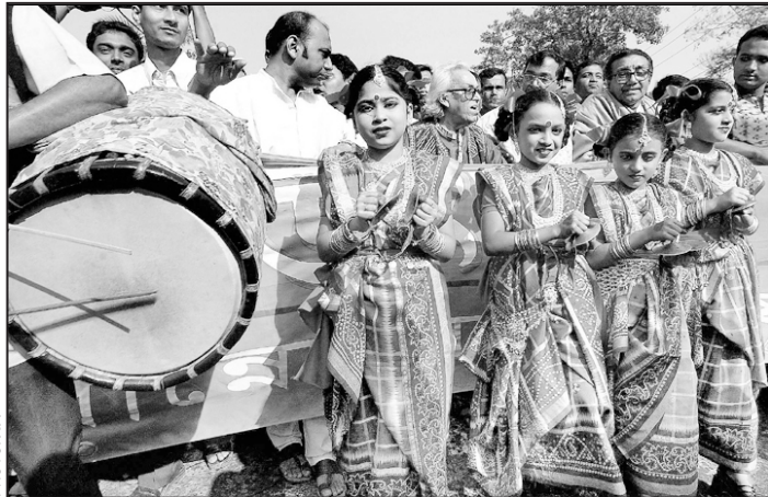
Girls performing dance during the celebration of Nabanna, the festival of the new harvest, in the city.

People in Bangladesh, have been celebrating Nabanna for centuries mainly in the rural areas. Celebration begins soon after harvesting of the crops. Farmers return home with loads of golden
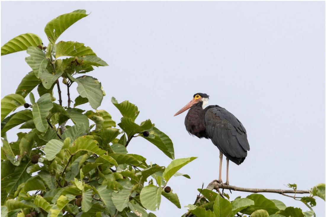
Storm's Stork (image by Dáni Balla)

--

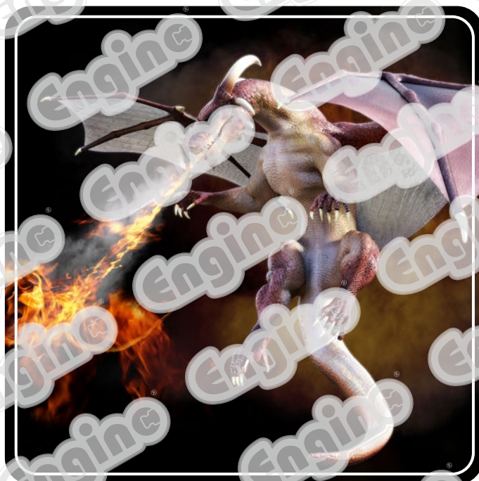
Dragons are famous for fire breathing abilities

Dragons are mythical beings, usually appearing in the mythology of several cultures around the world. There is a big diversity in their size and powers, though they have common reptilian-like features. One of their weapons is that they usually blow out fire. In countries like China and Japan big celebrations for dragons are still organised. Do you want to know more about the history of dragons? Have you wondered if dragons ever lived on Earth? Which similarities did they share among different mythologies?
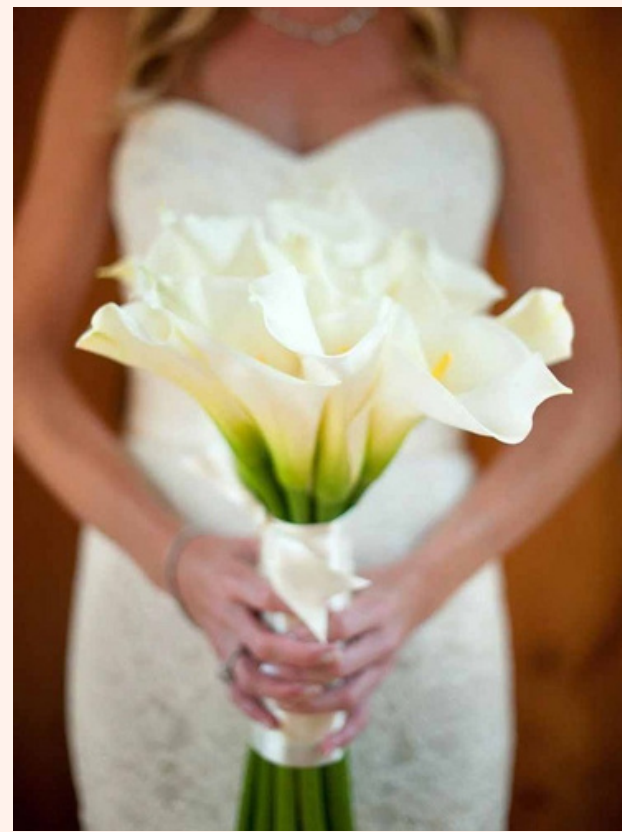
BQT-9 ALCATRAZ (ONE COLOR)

==

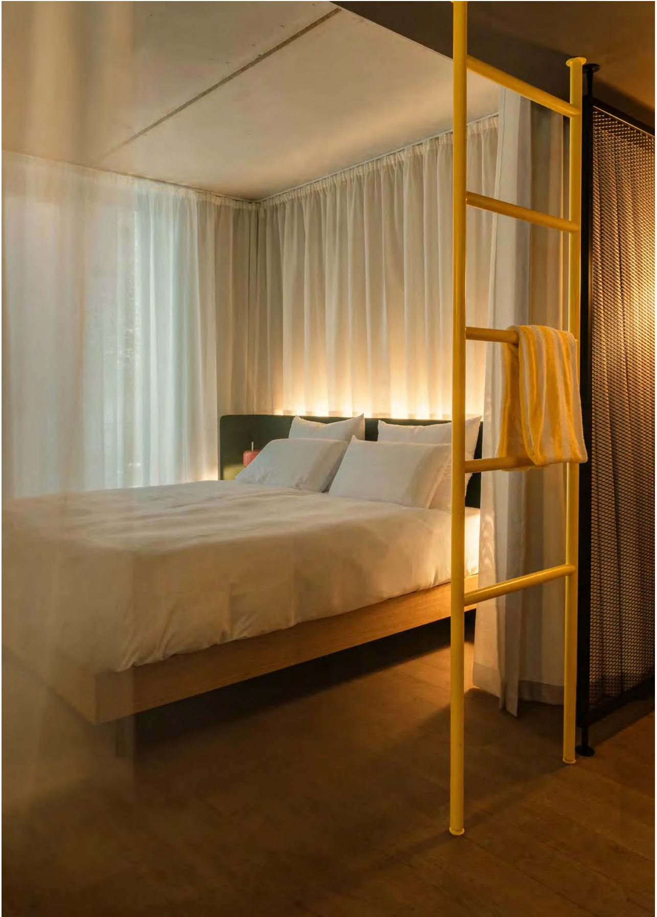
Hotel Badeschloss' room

Your objective: Take the material above from the line bearing "Girls performing dance" through the line bearing "Storm's Stork (image by Dáni Balla)" and write it out exactly, both end lines included. Pictures stay out.

Reply to the task:
Girls performing dance during the celebration of Nabanna, the festival of the new harvest, in the city.

People in Bangladesh, have been celebrating Nabanna for centuries mainly in the rural areas. Celebration begins soon after harvesting of the crops. Farmers return home with loads of golden
Storm's Stork (image by Dáni Balla)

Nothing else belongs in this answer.